The Department of Justice says that the charges in the case relate to a “long-running scheme by Huawei’s business activities in Iran.”
Beginning in 2007, Huawei employees lied about the company’s relationship to Iranian company Skycom, falsely claiming that it was not affiliated with Huawei. The company also claimed that Huawei had limited operations in Iran and Huawei was not violating US or other laws and regulations related to the country.
The US says that Meng “continued to lie to Huawei’s banking partners about Huawei’s relationship with Skycom. They falsely claimed that Huawei had sold its interest in Skycom to an unrelated third party in 2007 and that Skycom was merely Huawei’s local business partner in Iran. ”
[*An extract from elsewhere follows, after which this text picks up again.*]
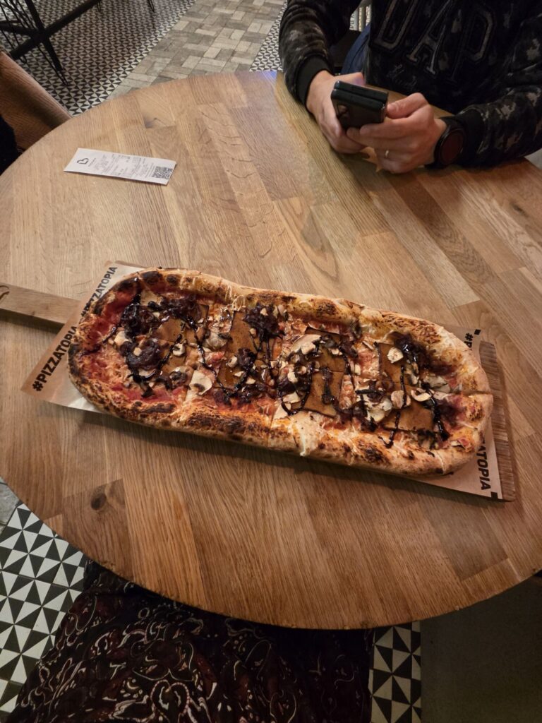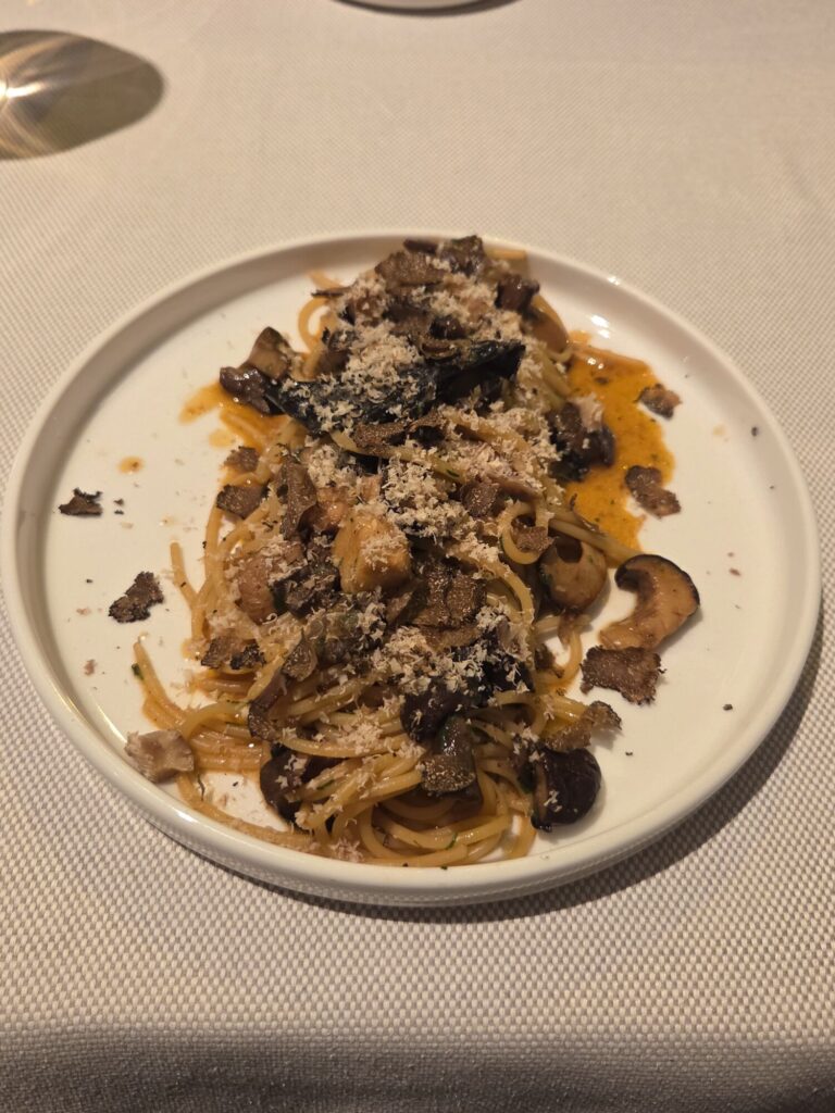 Byli připraveni i na mě jako vegana a bylo to teda něco! Pochutnali jsme si oba dva. Jako předkrm jsem dostala lilek s omáčkou a ořechy, manžel měl tatarák a jako hlavní chod jsem dostala špagety s lanýži a manžel si užil vepřové na houbách s hranolky. K tomu jsme měli vynikající sladké víno, pivo a moc jsme si to užili.

The indictment also says that Huawei relied on global banking relationships for financial services including processing US-dollar transactions through the US. American laws generally prohibit these financial institutions from processing transactions related to Iran in country.
In 2017, Huawei learned about the government’s investigation and the company and its subsidiary Huawei USA “allegedly tried to obstruct the investigation by making efforts to move witnesses with knowledge about Huawei’s Iran-based business to the PRC [People’s Republic of China], and beyond the jurisdiction of the US government, and by concealing and destroying evidence of Huawei’s Iran-based business that was located in the United States.”
Meng’s bail conditions prevent her from leaving BC and is under 24/7 surveillance, including electronic monitoring.
She is the daughter of Huawei’s founder, Ren Zhengfei and has denied any wrongdoing in connection with the case.
“My father founded Huawei and I would never do anything that would cause the company reputational damage,” she wrote in a sworn affidavit. “I maintain that I am innocent of the allegations that have been levelled at me.”
The mother-of-four owns two multi-million dollar homes in Vancouver. According to her court-ordered release conditions, she must reside there until her next court appearance.